TASK DESCRIPTION: Transcribe the entries below without changing a word, and omit every picture.

DATA EXTRACTS:
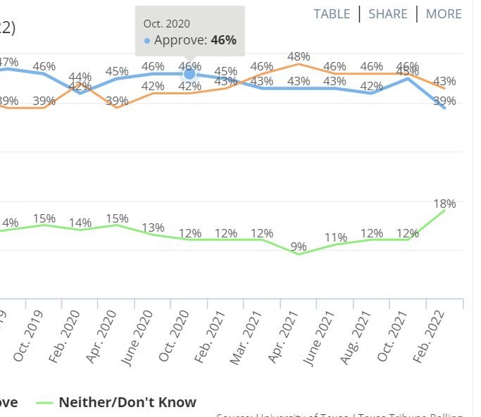 Ted Cruz approval below Biden's, at 39%. Strangely, 18% do not know.
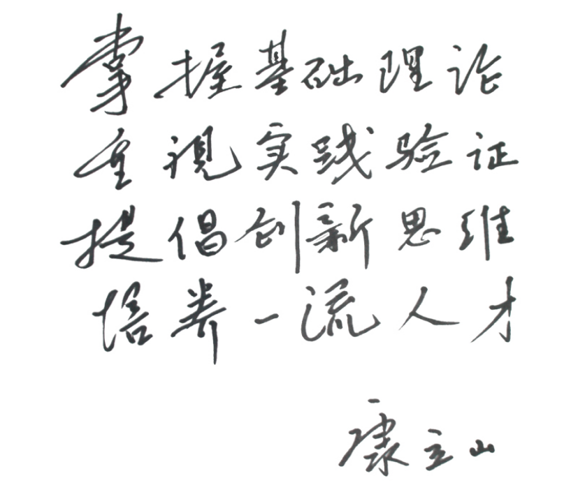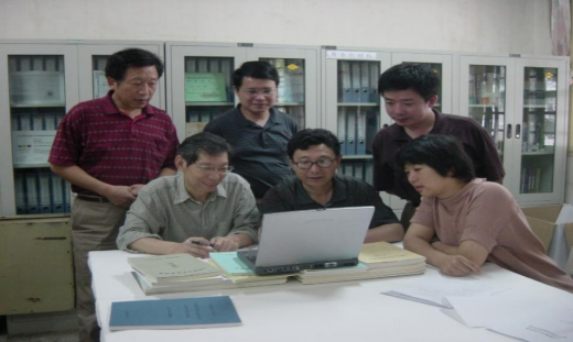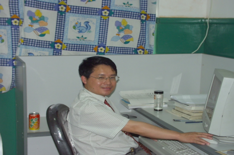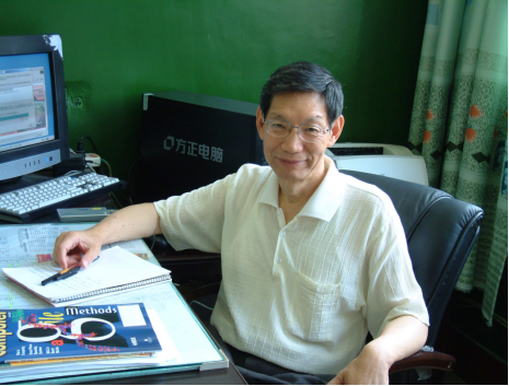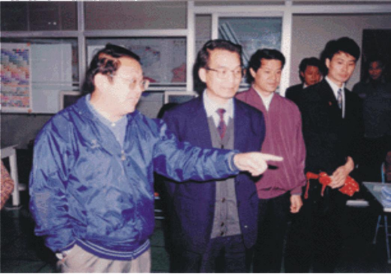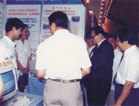 计算机系主任康立山指导参加挑战杯赛的学生(2004年5月)
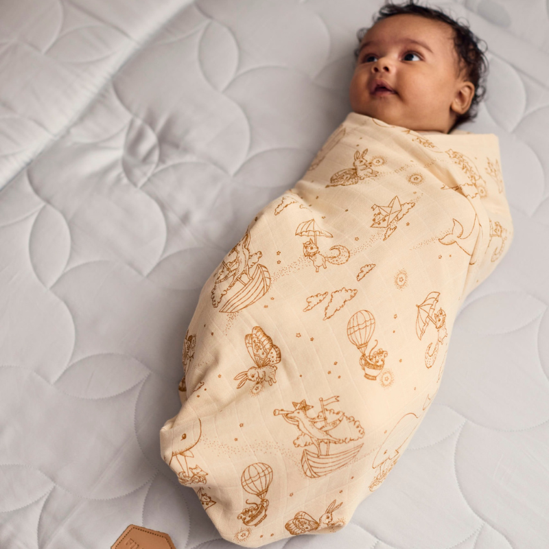 Stor stofble / svøb 120x120 cm GOTS - Dreamy Adventurers Der er noget magisk ved at svøbe sit barn i et blødt og beroligende tæppe. FILIBABBAs muslinsvøb er designet til at skabe hyggelige øjeblikke, der giver både forælder og barn en følelse af ro og nærhed. Det løst vævede og åndbare stof sørger for, at dit barn føler sig trygt og komfortabelt uden at blive for varmt. Udover at være ideelt til at svøbe din baby kan det også bruges som ekstra lag i kravlegården eller som et let tæppe om sommeren.
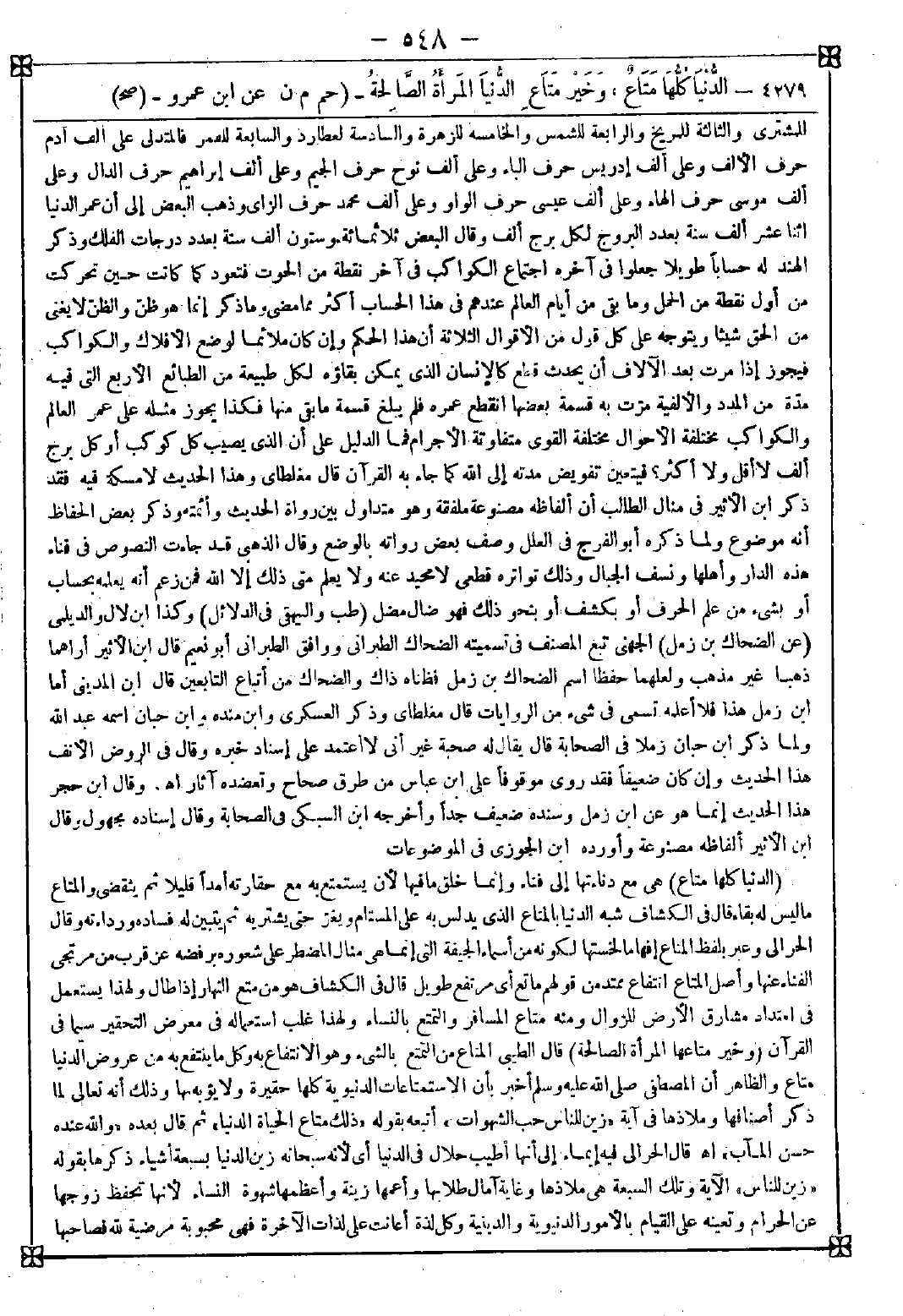 4279 - (الدنيا كلها متاع) هي مع دناءتها إلى فناء وإنما خلق ما فيها لأن يستمتع به مع حقارته أمدا قليلا ثم ينقضي والمتاع ما ليس له بقاء قال في الكشاف: شبه الدنيا بالمتاع الذي يدلس به على المستام ويغر حتى يشتريه ثم يتبين له فساده ورداءته وقال الحرالي: وعبر بلفظ المتاع إفهاما لخستها لكونه من أسماء الجيفة التي إنما هي مثال المضطر على شعوره برفضه عن قرب من مرتجي الفناء عنها وأصل المتاع انتفاع ممتد من قولهم ماتع أي مرتفع طويل قال في الكشاف: هو من متع النهار إذا طال ولهذا يستعمل في امتداد مشارق الأرض للزوال ومنه متاع المسافر والتمتع بالنساء ولهذا غلب استعماله في معرض التحقير سيما في القرآن (وخير متاعها المرأة الصالحة) قال الطيبي: المتاع من التمتع بالشيء وهو الانتفاع به وكل ما ينتفع به من عروض الدنيا متاع والظاهر أن المصطفى صلى الله عليه وسلم أخبرنا بأن الاستمتاعات الدنيوية كلها حقيرة ولا يؤبه بها وذلك أنه تعالى لما ذكر أصنافها وملاذها في آية {زين للناس حب الشهوات} أتبعه بقوله {ذلك متاع الحياة الدنيا} ثم قال بعده {والله عنده حسن المآب} اه قال الحرالي: فيه ايماء إلى أنها أطيب حلال في الدنيا أي لأنه سبحانه زين الدنيا بسبعة أشياء ذكرها بقوله {زين للناس} الآية وتلك السبعة هي ملاذها وغاية آمال طلابها وأعمها زينة وأعظمها شهوة النساء لأنها تحفظ زوجها عن الحرام وتعينه على القيام بالأمور الدنيوية والدينية وكل لذة أعانت على لذات الآخرة فهي محبوبة مرضية لله فصاحبها -[549]- يلتذ بها من جهة تنعمه وقرة عينه بها ومن وجهة إيصالها له إلى مرضاة ربه وإيصاله إلى لذة أكمل منها قال الطيبي: وقيد بالصالحة إيذانا بأنها شر المتاع لو لم تكن صالحة وقال الأكمل: المراد بالصالحة النقية المصلحة لحال زوجها في بيته المطيعة لأمره
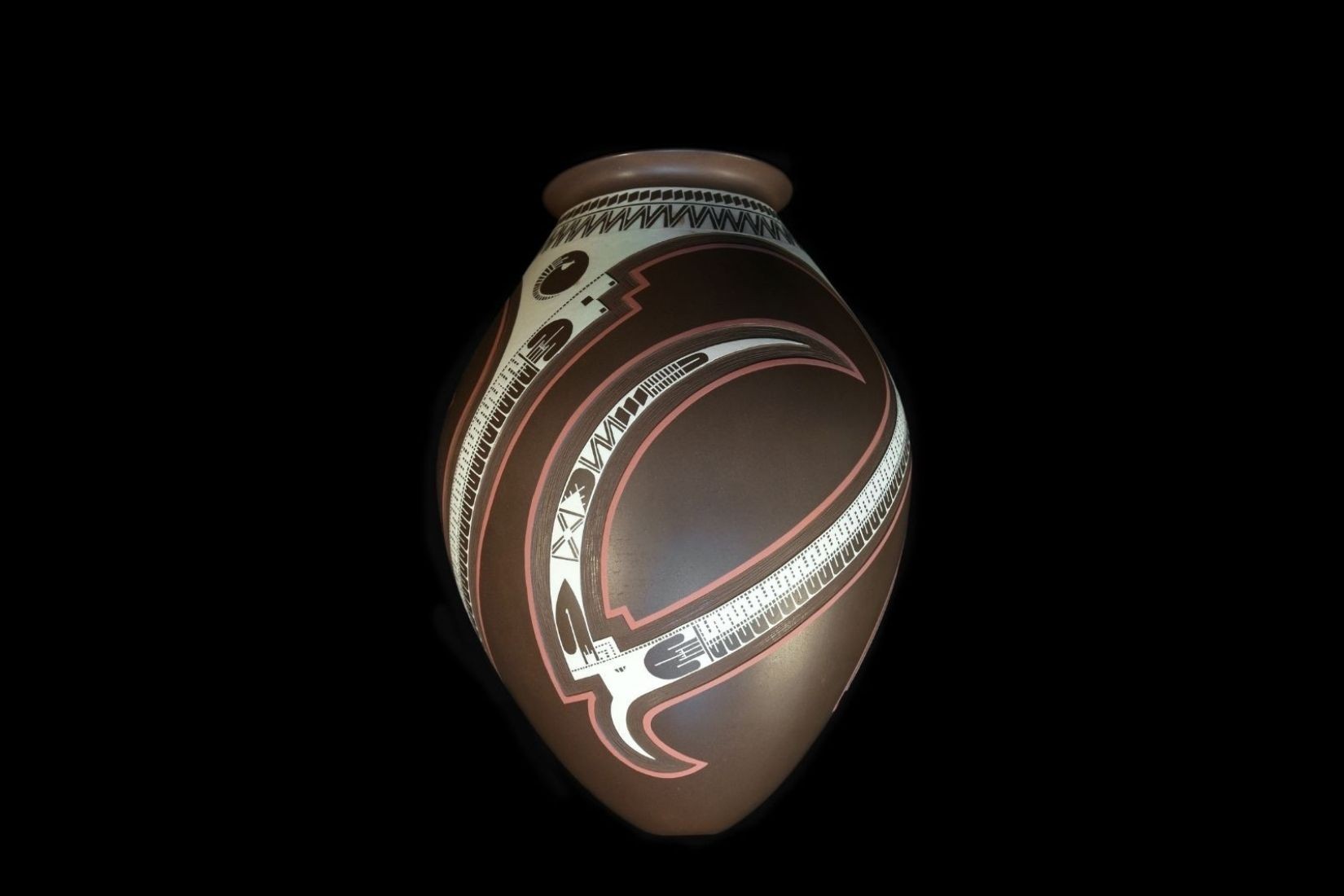 Cántaro de barro canelo bruñido y decorado con colores tierra. Artesano Nicasio Pajarito González. Tonalá. Jal. Col. Populart, pieza donada a AmigosMAP. (Foto: EKV).

EXERCISE RESPONSE:
 Ted Cruz approval below Biden's, at 39%. Strangely, 18% do not know.
 计算机系主任康立山指导参加挑战杯赛的学生(2004年5月)
 Stor stofble / svøb 120x120 cm GOTS - Dreamy Adventurers Der er noget magisk ved at svøbe sit barn i et blødt og beroligende tæppe. FILIBABBAs muslinsvøb er designet til at skabe hyggelige øjeblikke, der giver både forælder og barn en følelse af ro og nærhed. Det løst vævede og åndbare stof sørger for, at dit barn føler sig trygt og komfortabelt uden at blive for varmt. Udover at være ideelt til at svøbe din baby kan det også bruges som ekstra lag i kravlegården eller som et let tæppe om sommeren.
 4279 - (الدنيا كلها متاع) هي مع دناءتها إلى فناء وإنما خلق ما فيها لأن يستمتع به مع حقارته أمدا قليلا ثم ينقضي والمتاع ما ليس له بقاء قال في الكشاف: شبه الدنيا بالمتاع الذي يدلس به على المستام ويغر حتى يشتريه ثم يتبين له فساده ورداءته وقال الحرالي: وعبر بلفظ المتاع إفهاما لخستها لكونه من أسماء الجيفة التي إنما هي مثال المضطر على شعوره برفضه عن قرب من مرتجي الفناء عنها وأصل المتاع انتفاع ممتد من قولهم ماتع أي مرتفع طويل قال في الكشاف: هو من متع النهار إذا طال ولهذا يستعمل في امتداد مشارق الأرض للزوال ومنه متاع المسافر والتمتع بالنساء ولهذا غلب استعماله في معرض التحقير سيما في القرآن (وخير متاعها المرأة الصالحة) قال الطيبي: المتاع من التمتع بالشيء وهو الانتفاع به وكل ما ينتفع به من عروض الدنيا متاع والظاهر أن المصطفى صلى الله عليه وسلم أخبرنا بأن الاستمتاعات الدنيوية كلها حقيرة ولا يؤبه بها وذلك أنه تعالى لما ذكر أصنافها وملاذها في آية {زين للناس حب الشهوات} أتبعه بقوله {ذلك متاع الحياة الدنيا} ثم قال بعده {والله عنده حسن المآب} اه قال الحرالي: فيه ايماء إلى أنها أطيب حلال في الدنيا أي لأنه سبحانه زين الدنيا بسبعة أشياء ذكرها بقوله {زين للناس} الآية وتلك السبعة هي ملاذها وغاية آمال طلابها وأعمها زينة وأعظمها شهوة النساء لأنها تحفظ زوجها عن الحرام وتعينه على القيام بالأمور الدنيوية والدينية وكل لذة أعانت على لذات الآخرة فهي محبوبة مرضية لله فصاحبها -[549]- يلتذ بها من جهة تنعمه وقرة عينه بها ومن وجهة إيصالها له إلى مرضاة ربه وإيصاله إلى لذة أكمل منها قال الطيبي: وقيد بالصالحة إيذانا بأنها شر المتاع لو لم تكن صالحة وقال الأكمل: المراد بالصالحة النقية المصلحة لحال زوجها في بيته المطيعة لأمره
 Cántaro de barro canelo bruñido y decorado con colores tierra. Artesano Nicasio Pajarito González. Tonalá. Jal. Col. Populart, pieza donada a AmigosMAP. (Foto: EKV).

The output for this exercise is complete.